A new family of programmable chips aims to propel programmable logic devices further into high-volume, low-cost applications traditionally served by custom chips with fixed architectures.

Xilinx reckons its new family of programmable chips will propel programmable logic devices further into high-volume, low-cost applications traditionally served by custom chips with fixed architectures.

With the new Spartan-3 family, Xilinx is leveraging both 90nm and 300mm advanced manufacturing technologies to achieve unprecedented density and price for FPGAs.

By setting a new FPGA price-density standard, Xilinx will be able to target a $23 billion total available market and address new higher volume applications in the ASIC market.

Xilinx's investment in the world's most advanced 90nm and 300mm chip-making process with dual fabrication partners IBM and UMC has enabled the company to achieve an 80% chip-size reduction compared with competing products on 130nm technology.

With prices starting at less than $3.50, Spartan-3 platform devices range from 50,000 to 5 million system gates.

Spartan-3 is the world's lowest cost FPGA family, with pricing at less than $20 for a one-million-gate FPGA and less than $100 for a four-million-gate FPGA - a cost savings of up to 80% over competing offerings.

Already, Xilinx has shipped Spartan-3 devices to customers from both fabrication partners.

Xilinx joins other leaders in their respective industries - industry giants such as IBM, Intel, and Texas Instruments - in spearheading adoption of 90nm and 300mm manufacturing technologies to further separate themselves from the competition by taking advantage of the greatest cost reductions in recent semiconductor history.

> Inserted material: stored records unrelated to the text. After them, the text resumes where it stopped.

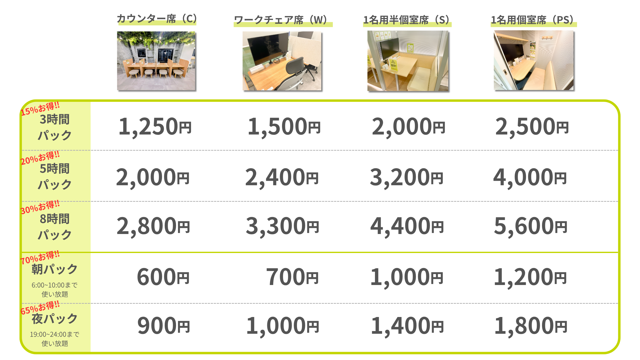 「半日集中したい」「夕方までしっかり作業したい」といった実際の利用シーンに合わせ、より刻みの細かいプランを選択いただけるようになります。
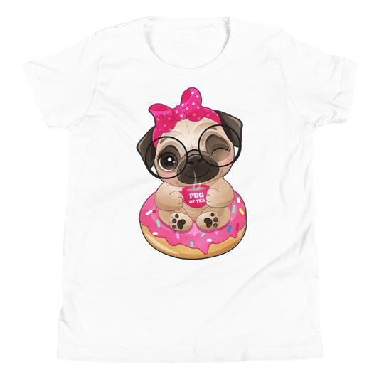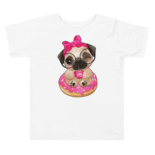 Cute Little Pug Dog Sitting in Donut T-shirt, No. 0365
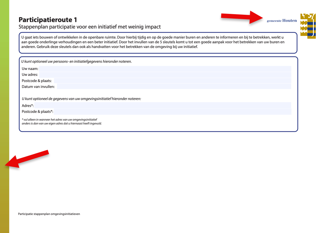 De logo's van de gemeente binnen het document https://www.houten.nl/fileadmin/user_upload/Thema/Omgevingsprogramma__s/Omgevingsinitiatief/Stappenplan_Route1_I_v1.3.pdf zijn verborgen. Voor de eerste weergave dient een tekstalternatief toegevoegd te worden, des te meer omdat het helpt om de oorsprong (gemeente Houten) van het document te duiden. De herhaalde weergaves op opvolgende pagina's kunnen wel verborgen worden om onnodige herhaling te voorkomen.
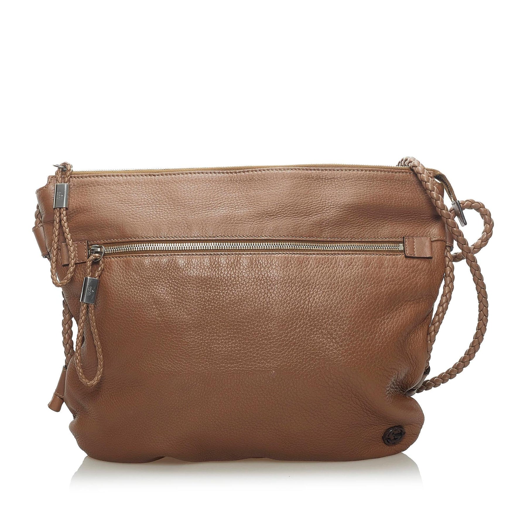 Gucci Double G Braided Strap Leather Crossbody Bag (SHG-deDhdC)
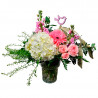 Precioso y delicado jarrón de flores en tonos blancos y rosas, que incluye una exquisita selección de rosas spray, gerberas y hortensias, todo complementado con una variedad de verdes frescos. Esta dulce y romántica composición es perfecta para sorprender y encantar a quien la reciba, aportando un toque de elegancia y calidez a cualquier ocasión. Ideal para expresar sentimientos especiales, este jarrón transformará cualquier espacio en un refugio de belleza y ternura.
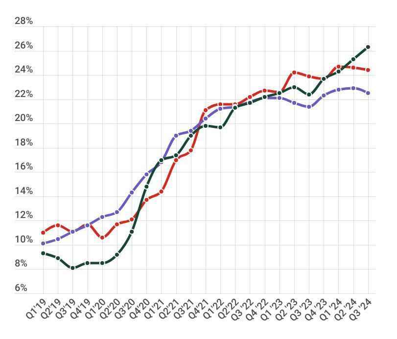 Lower Manhattan’s overall vacancy rate declined modestly for the second straight quarter, finishing Q3 at 24.4%. Midtown South has surpassed downtown as the highest vacancy district, and broke the central business district (CBD) record for the second straight quarter — posting a rate of 26.3%. The Midtown South market also experienced a dramatic year over year change of 3.9%. Meanwhile, Midtown rates have fared the best over the past two years, and finished Q3 with a 22.3% vacancy rate, down very slightly from Q2.
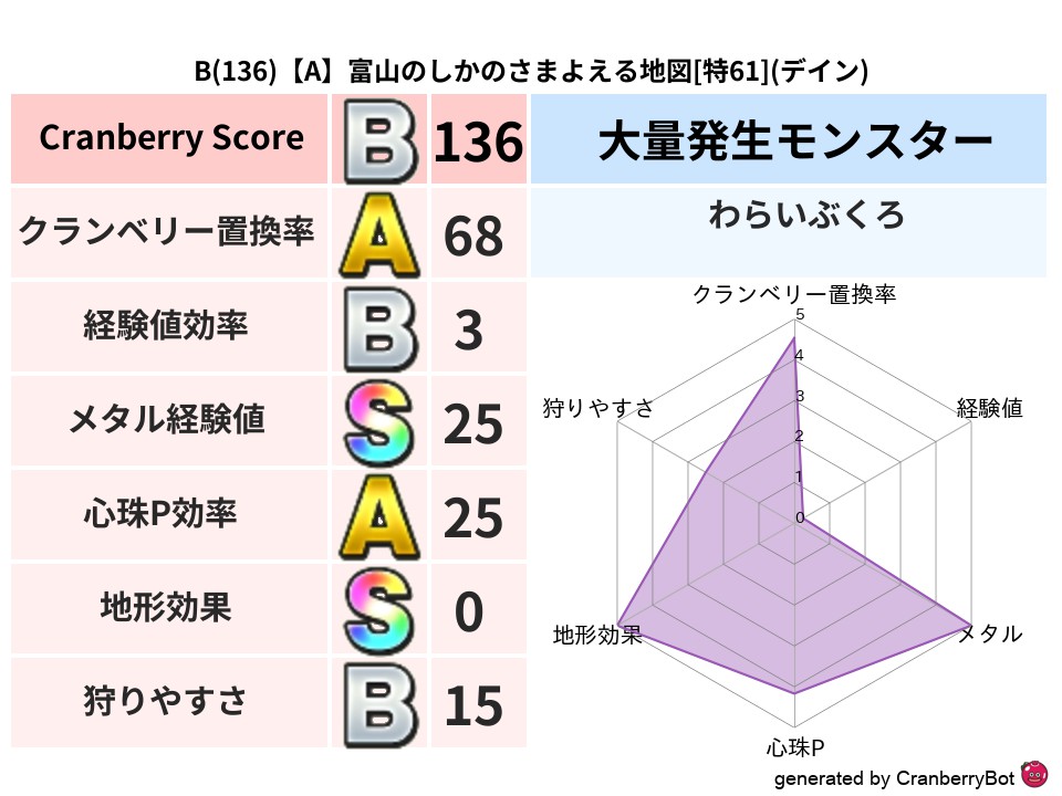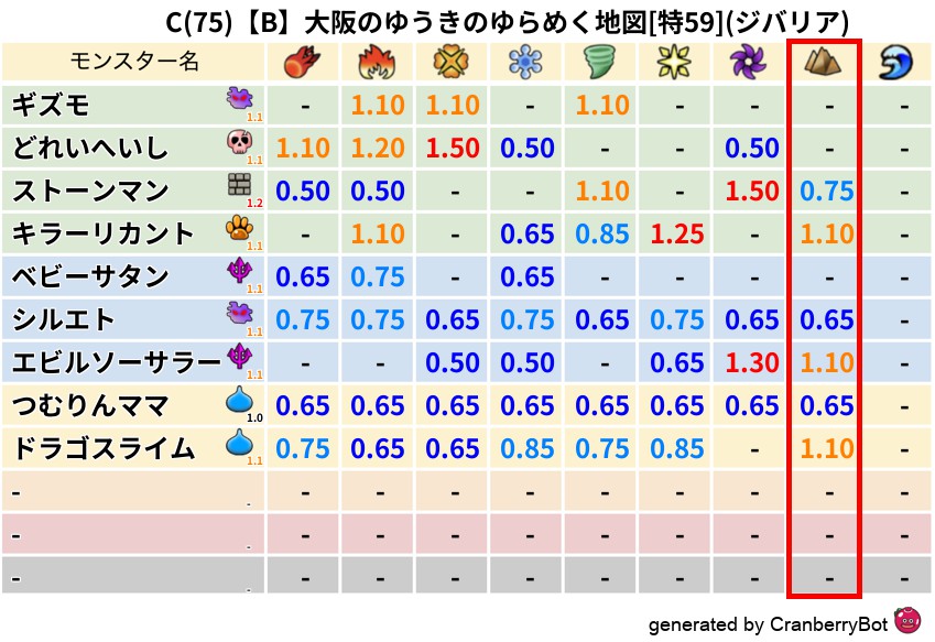 C(75)【B】大阪のゆうきのゆらめく地図[特59](ジバリア) 地図判定結果 2024/09/08 08:262025/11/05 12:45 地図判定結果 つむりんママジバリア (まだ評価がありません)読み込み中... 🤍 登録する コメントを見る(0件)クランベリーボット判定結果の詳細 クランベリースコア75 クランベリー置換率63% 大量発生モンスターつむりんママ 超耐性ジバリア(0%) こころ道 完全一致モンスター ギズモ天地雷鳴士(共通Lv1) どれいへいしドラゴン(人道Lv5) ストーンマンゴッドハンド(守護道Lv5) エビルソーサラーゴッドハンド(守護道Lv10) つむりんママ魔人(超魔道Lv20) ドラゴスライムニンジャ(風道Lv20) この地図を探す・受け取る 「大阪のゆうきのゆらめく地図」をみんドラで探す
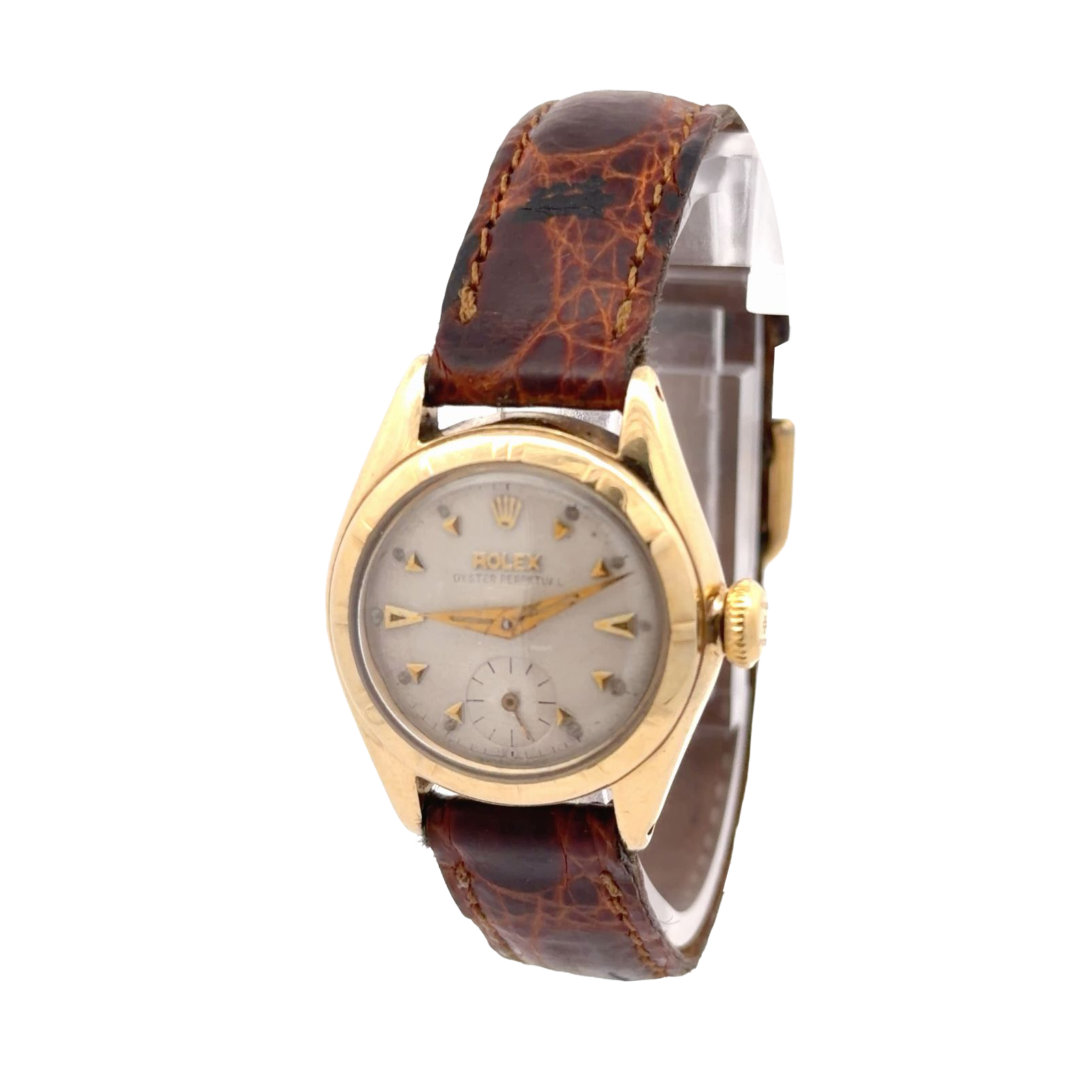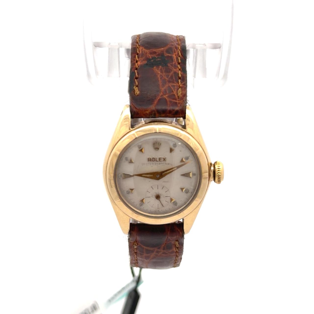 Rolex Oyster Perpetual Ref. 5003 is a charming vintage timepiece encased in 18k yellow gold, this model features a compact 24 mm case with a rounded “bubbleback” profile and screw-down crown and caseback, reflecting Rolex’s pioneering waterproof design. The champagne dial is adorned with applied gold dart indices and Arabic numerals at the quarters, complemented by a subsidiary seconds dial at 6 o’clock and leaf-shaped hands.

"The companies that get into 90nm production first will get a tremendous advantage in lower cost due to higher yields.

The die shrink can also lead to much higher-performing devices", said Dan Hutcheson, President and CEO at VLSI Research.

"Rivals who are late in 90nm process technology will fall behind and may not be able to catch up".

According to public statements, the Xilinx's nearest competitor will not ship 90nm products until the first half of 2004, giving Xilinx a formidable lead in 90nm and its customers an added edge.

"Xilinx has completely changed the economic playing field for FPGAs, opening up a vast new market opportunity.

Now, designers can afford to choose FPGAs over traditional custom devices for a broader set of cost-sensitive, high volume applications - and get to market faster", said Wim Roelandts, CEO and President of Xilinx.

"As traditional ASIC and ASSP design starts continue to decline, we expect that FPGA design starts using Spartan-3 will ultimately fuel higher growth for PLD makers".

Engineers developing products for the price-sensitive, high-volume electronics market have historically used custom chips with fixed architectures such as ASICs because of their performance and cost advantages.

With Spartan-3, Xilinx has dramatically narrowed the price-performance gap between programmable and fixed logic to drive FPGA adoption further into higher volume applications and hasten the decline of ASIC design.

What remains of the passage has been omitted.